- EURUSD edges higher again today, makes higher high
- It tests the resistance set by a key area, north of 1.1032
- Momentum indicators support the current bullish move
EURUSD is trying to record its fourth consecutive green candle as it has entered the 1.1032-1.1095 area. This is a key resistance area, which has been making the bulls’ lives difficult since February 2023 with a number of failed breakout attempts recorded. EURUSD has also recorded a higher high, above the recent local peak of 1.1016, thus keeping the bullish trend, which has been in place since the November 2023 lows, intact.

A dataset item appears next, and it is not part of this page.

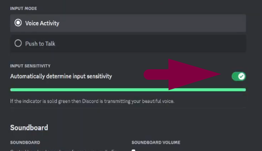 - In the Input Mode, choose “Voice Activity” and ensure the toggle is on for “Automatically determine input sensitivity.”

The bulls are probably feeling confident as the momentum indicators are yet to show strong rally-exhaustion signs. The RSI is hovering comfortably above its 50-threshold and the Average Directional Movement Index (ADX) is edging aggressively higher and thus pointing to a trending market. Similarly, the stochastic oscillator is trading in its overbought territory and trying to record a new higher high, matching EURUSD’s performance.
Should the bulls remain hungry, they could try to overcome the busy 1.1032-1.1095 area. If they are successful, they could then have a go at pushing EURUSD towards the March 31, 2022 and the July 18, 2023 highs at 1.1184 and 1.1275 respectively.
On the flip side, the bears are keen to defend the 1.1032-1.1095 range and then stage a move towards the 1.0798-1.086 area that is populated by the 50- & 200-day simple moving averages (SMAs) and the 23.6% Fibonacci retracement of the September 28, 2022 – July 18, 2023 uptrend. Even lower, the 1.0671-1.0727 region set by the December 15, 2022 high and the 100-day SMA could prove stronger to break than currently foreseen.
To sum up, EURUSD bulls are comfortably in control of the market, but they have now entered a key resistance area that could again lead to a sizeable correction.